Shady helpers: A stranger approaches the crash scene, or phones you right after. They try to steer you to a medical clinic, body shop or lawyer. The insured is being set up for bogus insurance claims.
Sliding: An agent or insurer secretly slips in extra coverage. The premiums increase. Motor club memberships, accidental death coverage and guaranteed renewable life insurance are some examples.
Slip & Fall: The victim claims to have fallen on something slippery on the floor when there was nothing there or they did not fall. Often no witnesses are present.
Soft fraud: Is considered an opportunistic fraud. Soft fraud occurs when a policyholder exaggerates an otherwise legitimate claim or when an individual applies for an insurance policy and lies about certain conditions or circumstances to lower the policy's premium. For example the padding of a legitimate claim with items that weren't really damaged or injuries that were not sustained.
Soft tissue injuries: Injuries to soft tissues in the body such as muscles, ligaments and tendons. They often occur from a blow to the area or a strain or sprain, but do not show up well on x-rays and other imaging tests.
Staged Accidents: Staged accidents are schemes in which an accident is predetermined to occur on a vehicle. The schemes are organized by rings and the culprits move from one area to another. They often use the same vehicle over and over, which is sometimes what causes their scheme to be uncovered.
Stolen premiums: An agent pockets the insurance premiums instead of buying promised coverage.
Surety and Performance Bond Schemes: Surety and performance bonds guarantee that certain events will or will not occur. An agent might issue worthless bonds to the insured for high-risk coverage in hopes that a claim is never made. If a claim is made, the agent might pay it off from agency funds, delay the payment, or skip town.
Swoop and squat: a driver pulls in front of the insured and slams on his brakes; the insured doesn't have time to stop and rear ends the fraudster. The fraudster may also stop suddenly in busy traffic, or at an intersection or an on-ramp. Many times the fraudster also claims to have neck and back pain, creating both a collision and injury claim against the insured.
Towing Bandits: Even a legitimate accident may lead to fraud if "towing bandits" haul the damaged vehicle to a crooked body shop for shoddy, inflated repairs. Beware of trucks which "conveniently" arrive to help.
Twisting: This is the replacement, usually by high-pressure sales techniques, of existing policies for new ones. The primary reason, of course, is for the agent to profit, since first-year sales commissions are much higher than commissions for existing policies
Under Reported Wages: Misrepresenting payroll to obtain workers' compensation coverage at a lower premium. (Example: Over-reporting wages as if employees are experienced journeymen with less likelihood of injury and thus allowing for lower premiums or under-reporting payroll to keep premiums lower.)

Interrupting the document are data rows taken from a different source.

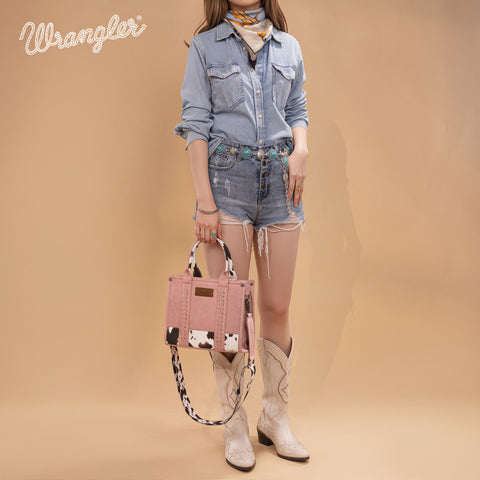 WG102-8120S Wrangler Cow Print Concealed Carry Tote/Crossbody - Hot Pink
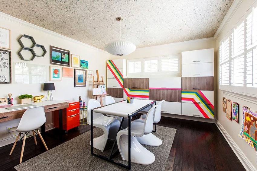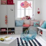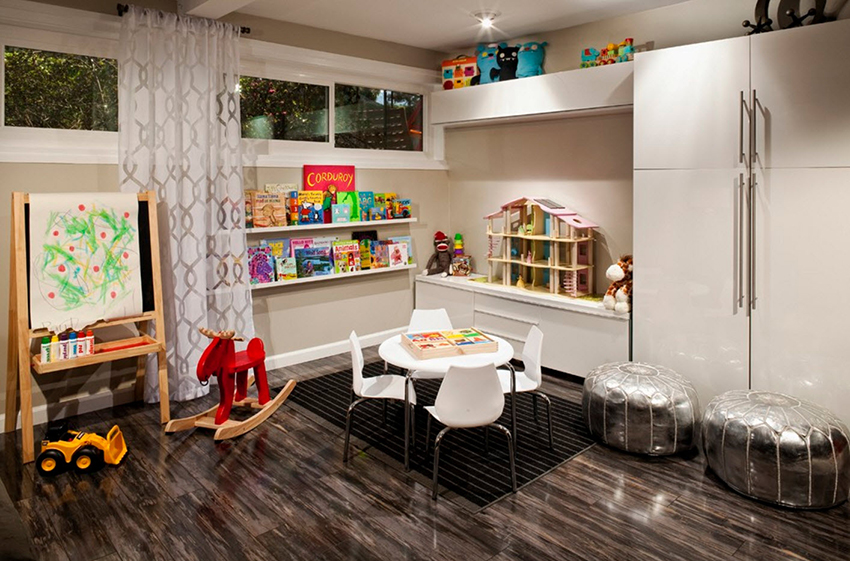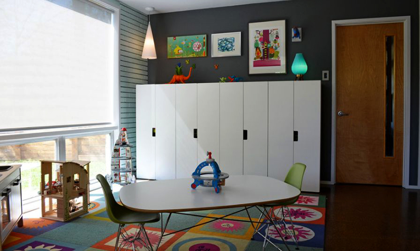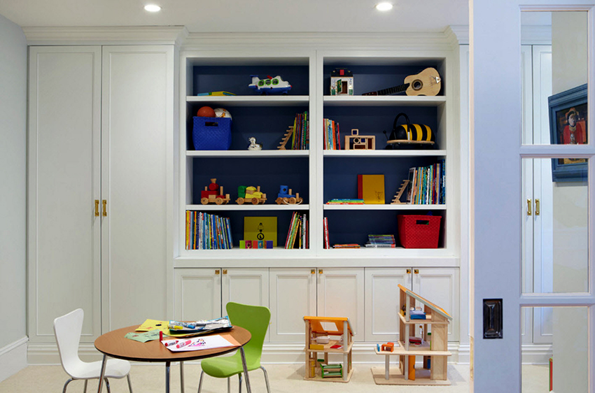 Sekiranya kabinet mainan dibeli secara berasingan dari perabot yang lain dan berbeza dari segi kualiti bahan, warna warna, perlu meletakkannya di kedalaman ruang permainan, dikelilingi oleh perincian yang membuat reka bentuk menarik untuk zon terpisah.
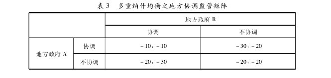 2.由于我们无法确信博弈参与方均会选择协调性监管,还可能存在双方都不协调监管的策略组合:如果对方选择不协调监管,则另一方的最优反应也是不协调监管。一旦对方选择不协调监管,另一方不论协调监管与否都将遭受违法损害,其更愿意承担 20 万元的损失而非 30 万元的损失。

Vehicle Smuggling: This is a scheme that involves the purchase of a new vehicle with maximum financing. A counterfeit certificate of the vehicle's title is made showing that it is free and clear. The vehicle is insured to the maximum, with minimum deductible theft coverage. It is then shipped to a foreign port and reported stolen. The car is sold at its new location and insurance is also collected for the theft.

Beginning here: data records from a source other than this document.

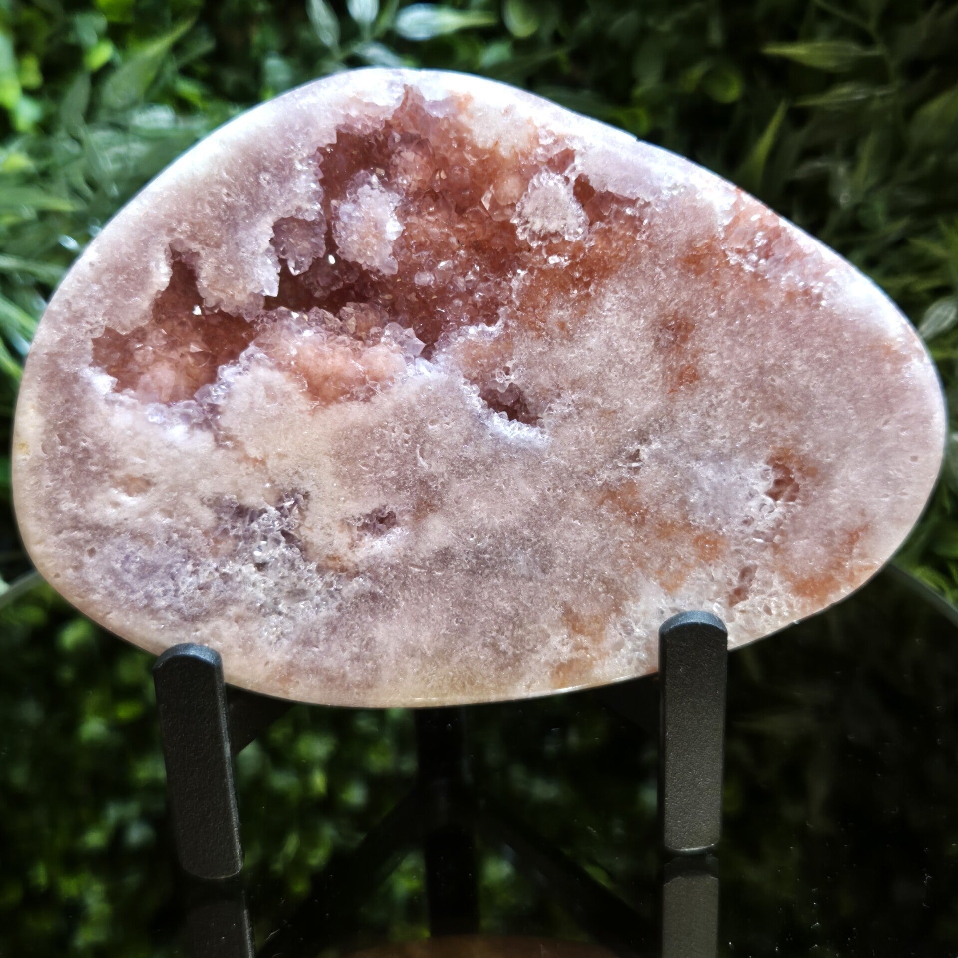 Deze mooie Roze Amethist slab is aan beide zijden gepolijst en heeft een mooie roze kleur en prachtige kristallen.
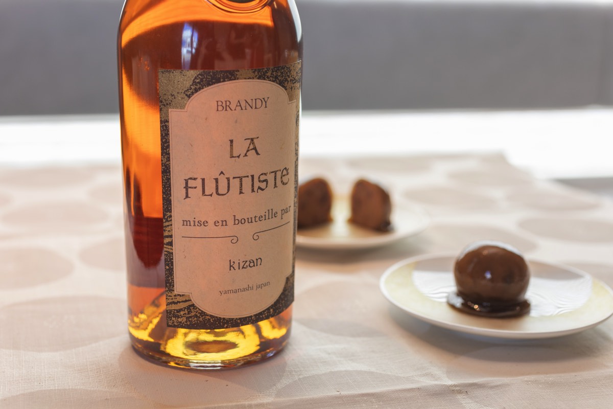 香りづけには、塩山市の機山ワイナリーの甲州ぶどうでつくったワインを自家蒸留し、20年以上樽熟成させたブランデー「ラ フリュテスト」を。強すぎると栗の風味を消してしまうし、香らなきゃつまらない…このブランデーのさじ加減がくり玉の深い味わいを支えているのだ。
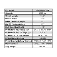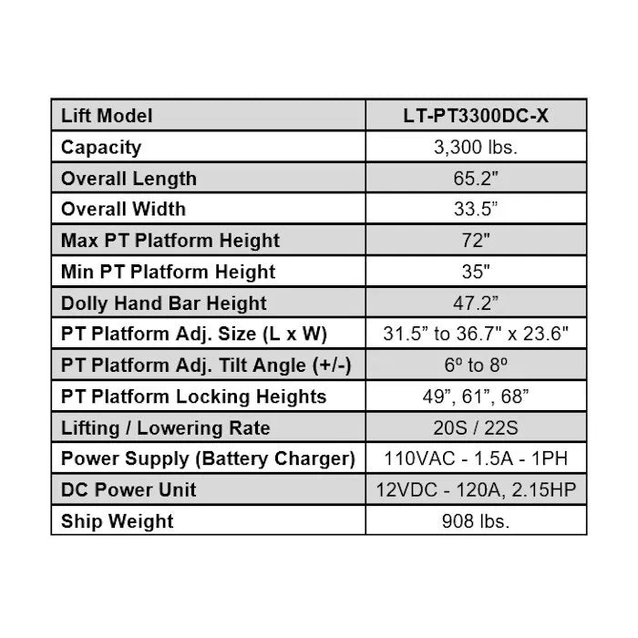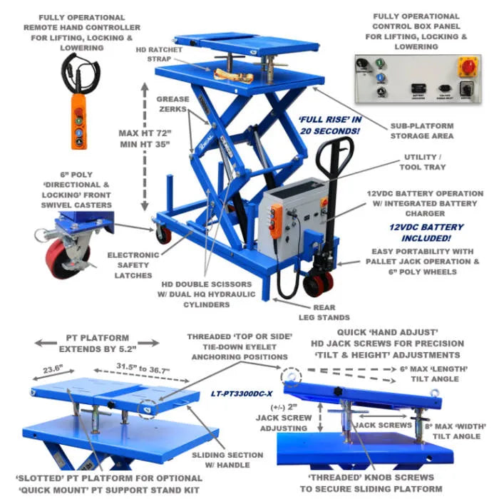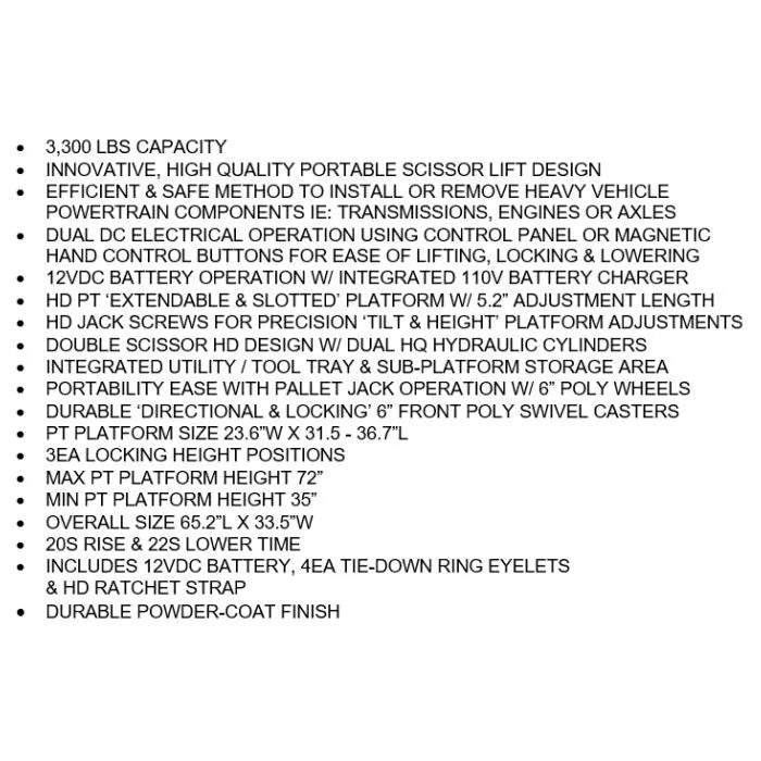 The iDEAL LT-PT2500AH-X is a 3,300 lbs. portable, high-rise commercial and industrial grade 12VDC battery powered electric-hydraulic lift table, incorporating a multi-adjustable powertrain platform primarily designed to assist with controlled lifting and lowering tasks to safely remove, replace or service heavy vehicle powertrain components such as engines, transmissions, drive-axle and transaxle assemblies, or other similar heavy components. The LT-PT3300DC-X comes standardly equipped with a durable powertrain platform that includes extendable length, tilt & height adjustments, while also incorporating a fully operational remote hand controller & control box panel buttons for dual operational control operations. Also included is a high quality deep-cycle 12VDC sealed battery, integrated battery charger and 12VDC auxiliary outlet port. In addition, the iDEAL Powertrain 3,300 lbs. lift table comes standard with a pallet jack dolly with poly casters, leg support stands, front locking swivel & directional poly casters, tool tray, double lift scissors, powerful DC electric motor, dual hydraulic cylinders, tie-down anchors, and heavy duty ratchet strap. Optional Accessories include a 'quick mount' PT Support Stand Kit & 12VDC LED Spot Light with magnetic base
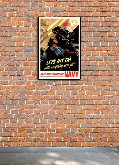 Artscape Galleries Posters from a Simpler Time . . . . . Store Categories Shipping USPS 1st Class USPS Priority Mail USPS 1st Class International Combined Shipping is available Return Policy We stand behind the quality of every print we sell. If you aren't satisfied with your purchase, contact us within 60 days to arrange for an exchange or a full refund. About Us Artscape Galleries is a family owned business based in Las Vegas, Nevada. We have been selling art prints exclusively online for over 15 years. With thousands of satisfied buyers ranging from Movie Studios to Museums, you will not be disappointed! Please vist our other eBay store! Feedback “Impressed! Vibrant colours, edge to edge print. Very excited to get it framed!” “Super fast delivery and the colors are amazingly rich. Thanks for everything!” “Terrific experience with this seller, we buy more from him than anyone on Ebay!” “WOW! Beautiful map! Lightning fast shipping, Very well packed, Great eBayerA++++” “Vibrant and bright! Pic does not do it justice...looks amazing!” Year: 1942 Size: 24"x36" This great Vintage Style World War 2 Poster shows Navy Sailors firing weapons at the enemy. The caption reads: "Let's hit 'em with everything we've got! Don't wait, Choose the Navy." This Classic Vintage Style poster from WWII honors the beauty of this unique art form and evokes the vivid images of simpler times. Each of our prints are custom reproductions printed on 68lb Heavyweight Enhanced Matte Art Paper. These Historic Art Prints are suitable for framing, mounting or direct display on any wall! Graphics and template design by and copyright Artscape Galleries / Posters Past WW2136 Visit our store! 〉 © Artscape Galleries _gsrx_vers_1436 (GS 9.0.5 (1436))
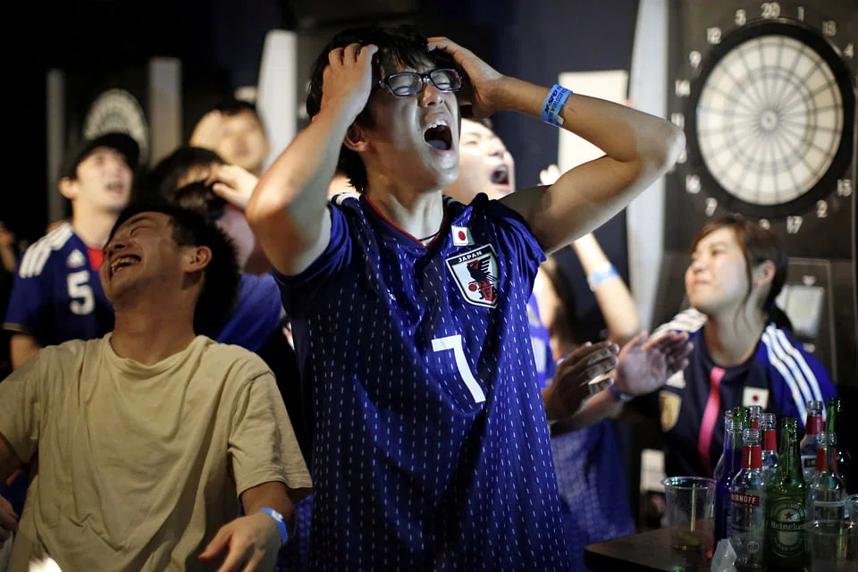 Fans at the bar, some dressed in their team's blue strip and with Japanese flags painted on their cheeks, had exploded with joy when Takashi Inui scored the team's second goal.

Vehicle Identification Number (VIN): Switching A VIN is a fraud scheme in which a wrecked vehicle is sold and reported as being repaired. The vehicle is not actually repaired; instead, the VIN plate is switched with that of a stolen vehicle of the same make and model.
X-Mod Evasion: Misrepresenting claims history by not reporting reportable injuries or by creating shell companies to give the impression of a non or low claims history to obtain workers' compensation coverage at a lower premium.